Литературный психоанализ отчетливо высвечивает разницу между Россией и Западом. Регулятором общественных отношений, воплощением социальных норм в российской действительности стало нечто большее, чем закон.
Им стало представление о справедливости.
От закона до справедливости
Согласно концепции техно-гуманитарного баланса, сформулированной А. П. Назаретяном[9], закон возник как реакция социальной культуры на образование громадных человеческих агломератов – древнейших цивилизаций, зарождавшихся по берегам великих рек: Нила, Хуанхэ и Янцзы, Тигра и Евфрата, Инда и Ганга. В ограниченных (родовых, племенных) человеческих популяциях универсальных законов не требовалось – достаточно было традиции, передававшейся устно из поколения в поколение. Каждый охотник и так знал, что, загнав добычу, он обязан поделиться ею с соплеменниками, иначе ему грозит жестокая кара, во многих случаях – изгнание или смерть. Только с появлением необозримых «цивилизационных машин», исчисляемых десятками и сотнями тысяч людей, возникла необходимость в письменных операторах, которые были бы одинаковы во всем пространстве такого разноплеменного человеческого сообщества. Древнейшими из них являются законы Хаммурапи, правителя Вавилона, созданные в конце второго тысячелетия до нашей эры.
Представление о справедливости появилось значительно позже. В сознании первобытного человека, точно так же как и в сознании человека древней рабовладельческой деспотии, должное и сущее совпадали: мир мог быть трагическим, но он не мог быть никаким иным, собственное положение могло казаться человеку ужасным, но воспринималось оно как несчастье, а не как вопиющая несправедливость. Это была просто наличная данность, неизбежность, формируемая волей богов. Даже Аристотель, специально анализировавший справедливость, рассматривал ее в значительной мере как воздаяние, то есть как награду человеку за подвиги или труд, а вовсе не как метафизический принцип, обусловленный самим фактом человеческого бытия.
Ситуация принципиально изменилась с появлением христианства. Провозгласив равенство всех людей перед Богом, объявив, что для спасения души не имеют значения ни национальность, ни знатность, ни статус, ни накопленные богатства, христианство породило тем самым сначала идею социального равенства, универсальную в своей божественной простоте, а затем как следствие – представление о «врожденных правах», которыми обладает любой человек просто в силу своего статуса человека. Должное и сущее были, таким образом, разведены, и несовпадение их стало восприниматься как несправедливость. Вся последующая история европейской цивилизации есть фактически «распаковка» этого метафизического канона, медленное сближение сущего с должным, которое осуществлялось через соответствующие законы. То есть закон в европейской цивилизации – это соотнесение христианских ценностей с реальной действительностью.
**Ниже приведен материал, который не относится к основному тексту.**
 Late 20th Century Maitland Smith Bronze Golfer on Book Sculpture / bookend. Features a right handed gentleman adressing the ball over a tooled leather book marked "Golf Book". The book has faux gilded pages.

Между законом и справедливостью сразу же сложились очень трудные отношения. Считается, что закон, по крайней мере в теории, есть выражение справедливости. Однако хорошо известно, что на практике это не так. По закону можно разорить тысячи и даже миллионы людей, присвоить чужое, оправдать заведомого преступника.
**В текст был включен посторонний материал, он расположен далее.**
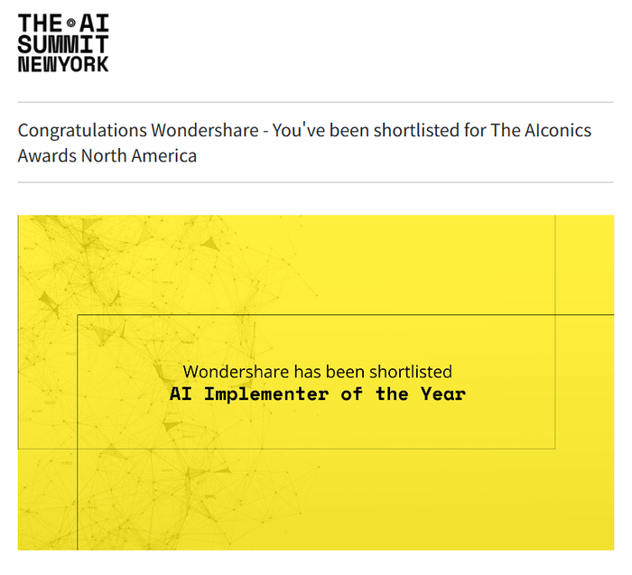(万兴科技入围The AIconics Awards“年度AI实施企业”)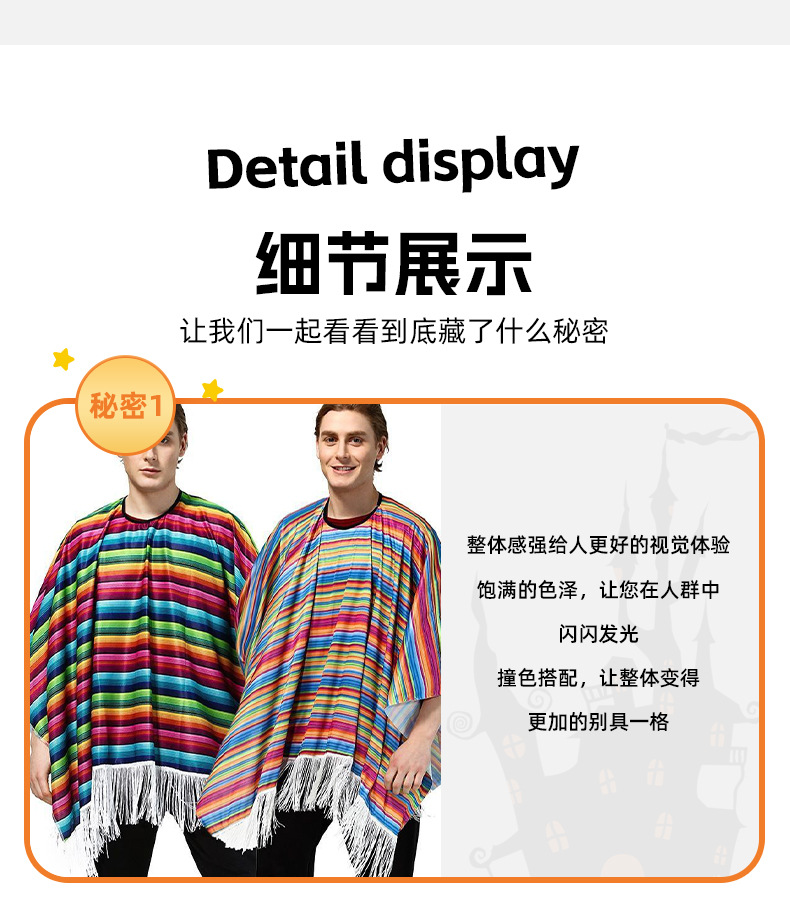 멕시코 민족 망토 다채로운 줄무늬 프린지 숄 코스프레 축제 파티 어린이 성인 공연 의상스토어 가기

В середине 1990-х гг. в Соединенных Штатах прогремел так называемый процесс Симпсона. Известный спортсмен был обвинен в преднамеренном убийстве своей бывшей жены и ее приятеля, совершенном из ревности. Несмотря на множество весьма красноречивых улик, в частности окровавленные перчатки, найденные полицейскими, обвиняемый был оправдан, поскольку защита оказалась значительно квалифицированней обвинения. К тому же на процесс повлияли и расовые аспекты: Симпсон был чернокожим, а жертвами – белые американцы. Не будем подменять собой суд, не будем выносить здесь гневный «публицистический приговор», но ведь вполне возможно, что человек, действительно совершивший убийство, избежал наказания именно благодаря формальным законам. Ситуация для цивилизованного общества парадоксальная: «все знают», что совершено тяжелое преступление, а ничего сделать нельзя. Характерно, что когда то же самое дело слушалось затем не в уголовном, а в гражданском суде, то Симпсон был единогласно признан виновным и приговорен к штрафу в 33,5 млн долларов.
Впрочем, не обязательно обращаться за примерами к Западу. Их вполне достаточно в нашей стране. Скажем, приватизация, осуществленная в ходе реформ 1990-х гг., в результате которой основные богатства России были сконцентрированы в руках небольшого количества олигархов, возможно, и будет за давностью лет признана законной, но она никогда не станет признанной справедливой. То, что, по крайней мере условно, принадлежало всем, вдруг стало принадлежать немногим.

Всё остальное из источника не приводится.